- **Data**
_ _ _ _ _

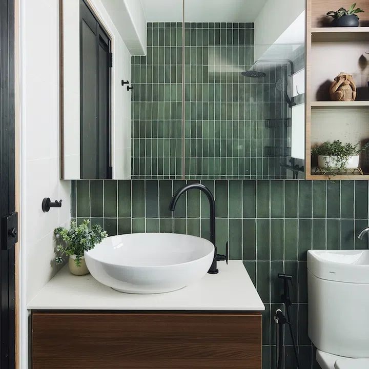 For visual continuity, deep green tiles were used in the master bathroom, creating a soothing, earthy vibe with a touch of boutique-hotel luxe.
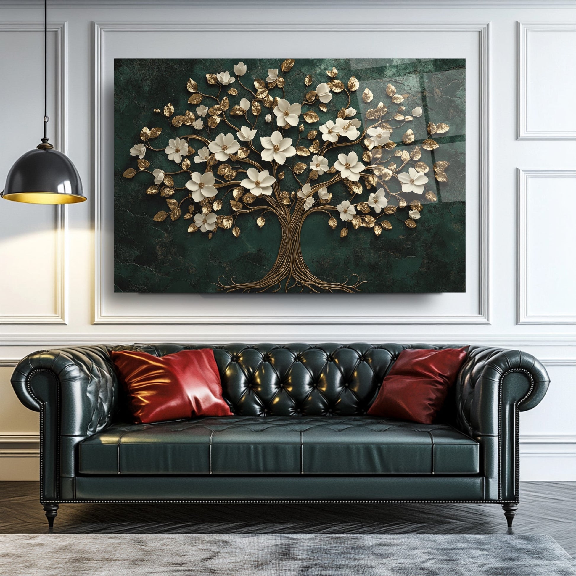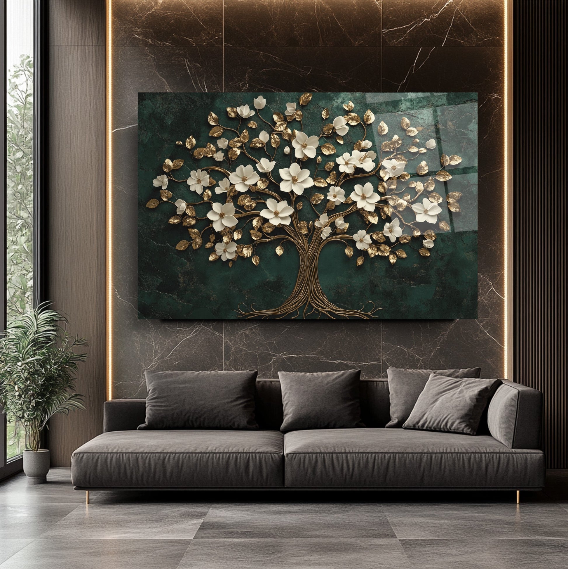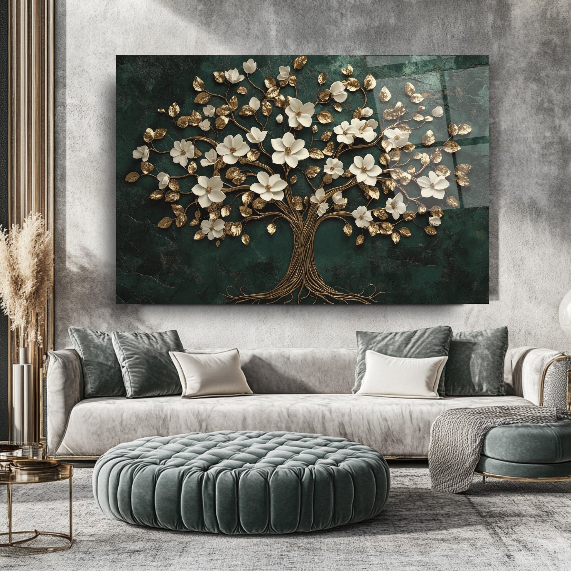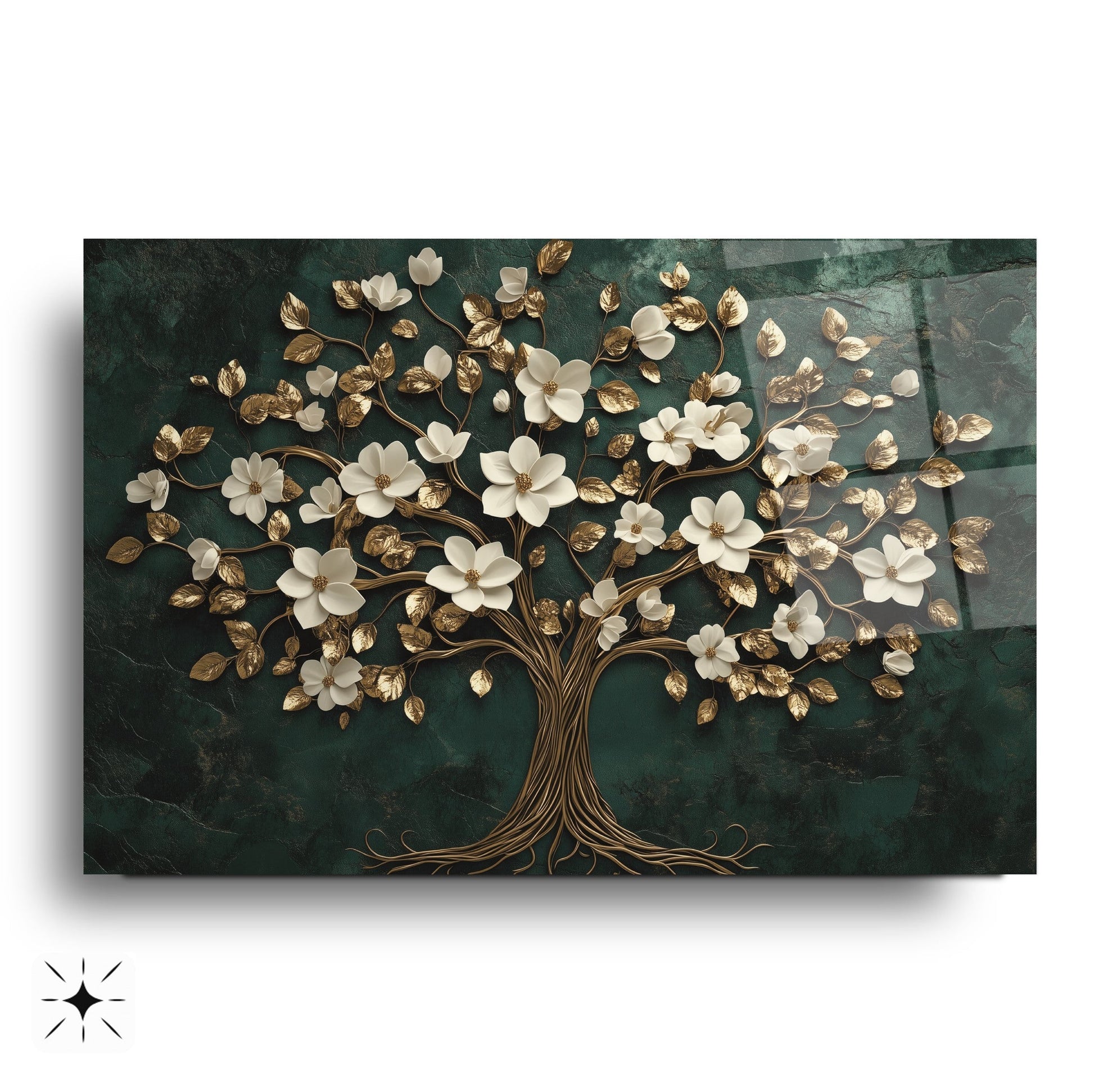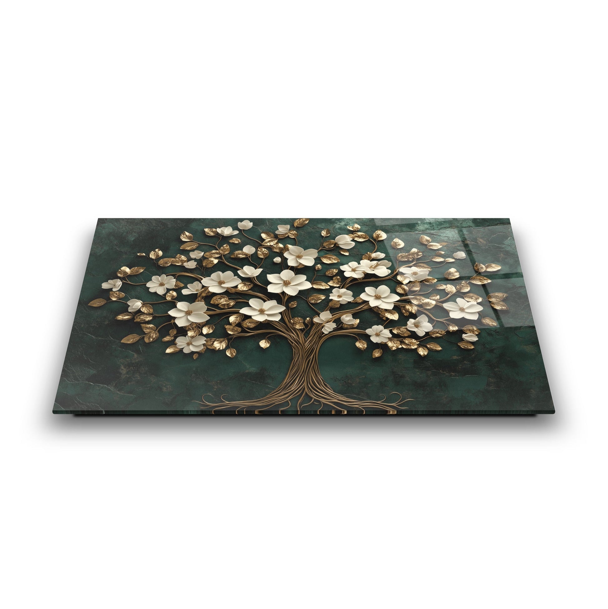 Mekanlarınıza Yeşil Bir Bahar Canlılığı: Yeşil Arkaplan Beyaz Çiçekli Hayat Ağacı Cam Tablo
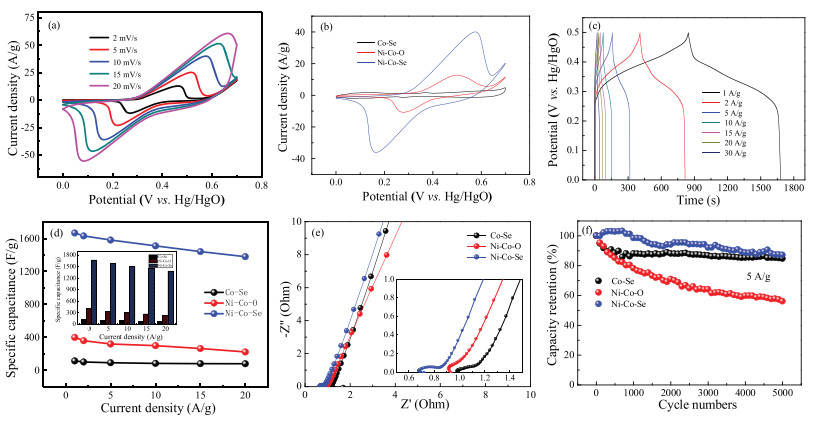 Figure 4 (a) CV curves of the Ni-Co-Se electrode at different scanning rates from 2 mV/s to 20 mV/s. (b) CV curves of Co-Se, Ni-Co-O and Ni-Co-Se at 10 mV/s. (c) GCD curves of Ni-Co-Se electrode at different current densities from 1 A/g to 30 A/g. (d) Specific capacitances of Co-Se, Ni-Co-O and Ni-Co-Se. (e) EIS of Co-Se, Ni-Co-O and Ni-Co-Se. (f) Cycling performance of Co-Se, Ni-Co-O and Ni-Co-Se at the current density of 5 A/g.
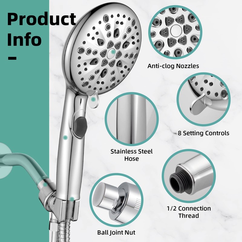 - [9 Spray Modes] Cobbe handheld shower head is different from regular shower head as it comes with 9 spray modes, which gives you a different shower experience. To meet the needs of the whole family at the same time you just need to switch between them at the touch of a button.
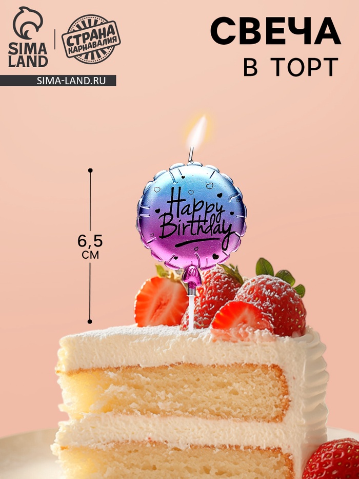 Свеча для торта "С Днем Рождения!", 8 х 8,8 см, Союзмультфильм

_ _ _ _ _

- **Exercise objective**
An exact copy of all the entries is required, and it must contain no pictures.

- **Result for this exercise**
 For visual continuity, deep green tiles were used in the master bathroom, creating a soothing, earthy vibe with a touch of boutique-hotel luxe.
 Mekanlarınıza Yeşil Bir Bahar Canlılığı: Yeşil Arkaplan Beyaz Çiçekli Hayat Ağacı Cam Tablo
 Figure 4 (a) CV curves of the Ni-Co-Se electrode at different scanning rates from 2 mV/s to 20 mV/s. (b) CV curves of Co-Se, Ni-Co-O and Ni-Co-Se at 10 mV/s. (c) GCD curves of Ni-Co-Se electrode at different current densities from 1 A/g to 30 A/g. (d) Specific capacitances of Co-Se, Ni-Co-O and Ni-Co-Se. (e) EIS of Co-Se, Ni-Co-O and Ni-Co-Se. (f) Cycling performance of Co-Se, Ni-Co-O and Ni-Co-Se at the current density of 5 A/g.
 - [9 Spray Modes] Cobbe handheld shower head is different from regular shower head as it comes with 9 spray modes, which gives you a different shower experience. To meet the needs of the whole family at the same time you just need to switch between them at the touch of a button.
 Свеча для торта "С Днем Рождения!", 8 х 8,8 см, Союзмультфильм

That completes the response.